Most spectacularly, Oprah infused the contemporaneous moment with history by invoking the name of Recy Taylor, who recently died just shy of her ninety-eighth birthday, having survived a brutal gang-rape in Jim Crow Alabama and receiving no justice, which she pursued with the help of civil rights icon Rosa Parks before the latter made that pivotal decision to refuse her seat on a segregated bus in Montgomery, Alabama. Recy Taylor’s story is explored in a recent documentary film by Nancy Buirski, and her story was first told by historian Danielle McGuire in her acclaimed book, At the Dark End of the Street, which successfully argues how Parks and other black women during the Jim Crow era used their experience with sexual harassment and assault to build the foundation of the Civil Rights Movement. For Oprah to place this specific history squarely within mainstream media at the Golden Globes and to implore that Recy Taylor is “a name we should know,” is intersectional feminism on a large scale and a clear reminder that #MeToo has a specific history rooted in the pain of Black women’s histories.

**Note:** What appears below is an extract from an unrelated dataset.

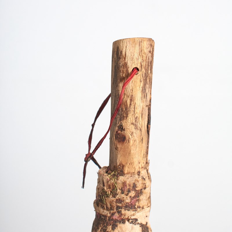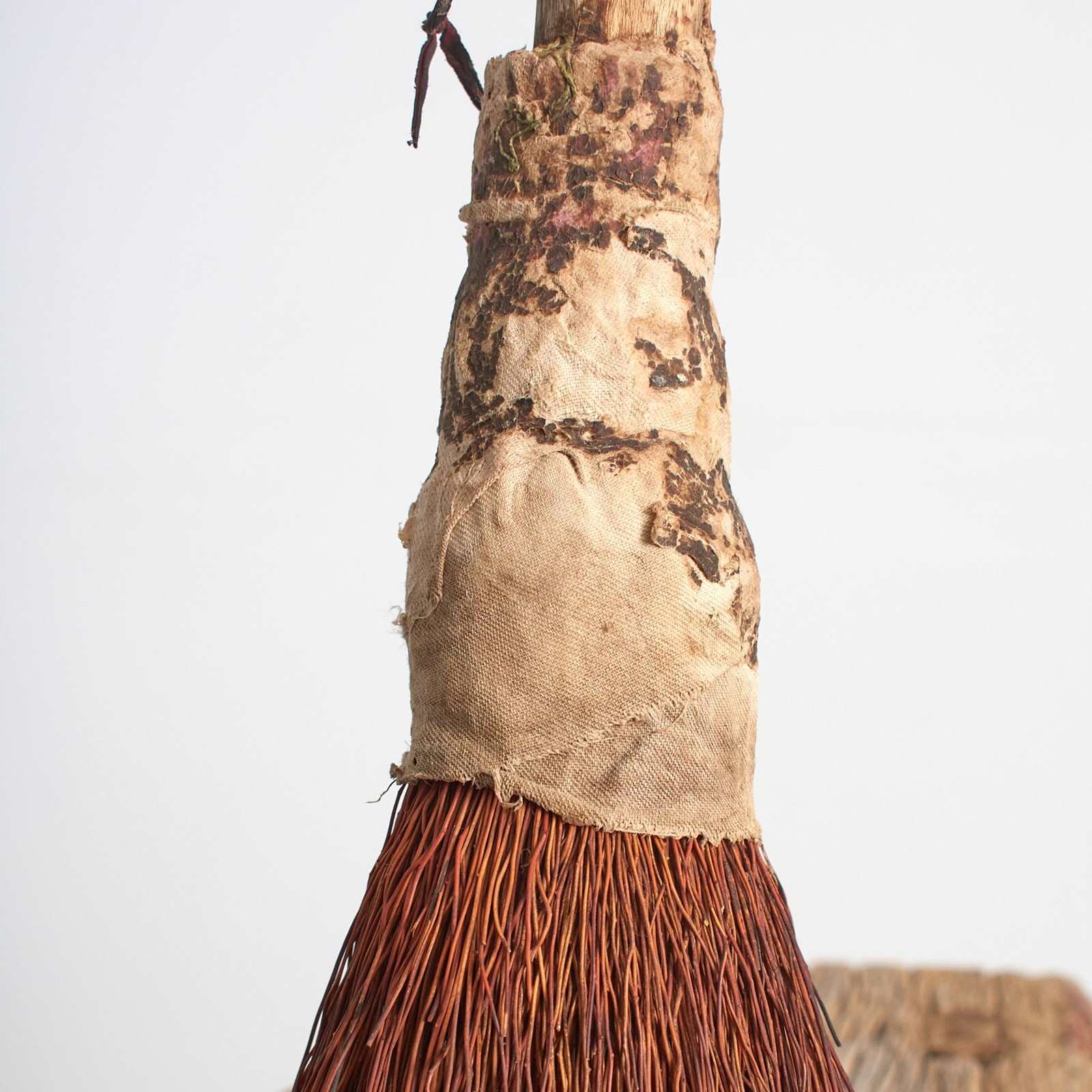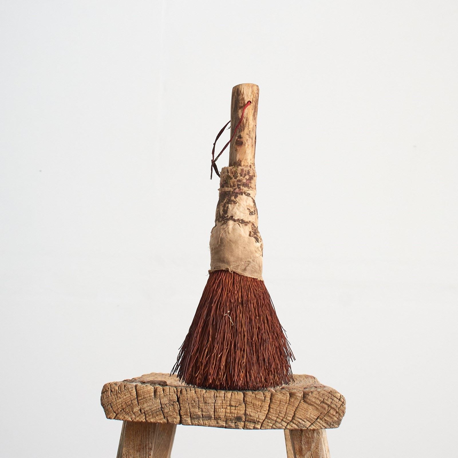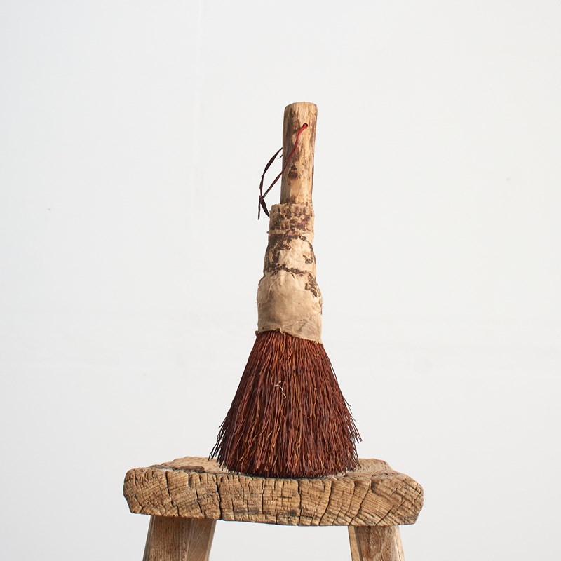 A unique handmade brush, the brush has a wooden handle with natural fibre bristles and a rag top with string handle. Great for use or as a decorative object.

It is no wonder people have taken to social media to proclaim Oprah Winfrey’s run for the presidency (some have even reminded us that Aaron McGruder’s “Boondocks” already predicted this!). It has been quite some time since we’ve heard a rousing speech that preached hope while embroiled in a dark past with promises of “time’s up” for those who wield brutal power and a future vision for the “young girls” watching at home who were promised that they won’t have to say “Me Too” again. Whether this current movement culminates in the election of a woman president, which eluded us in 2016, or simply ushers in the next wave of feminist movement, we are all reminded of the power of truth-telling and the importance of historical consciousness.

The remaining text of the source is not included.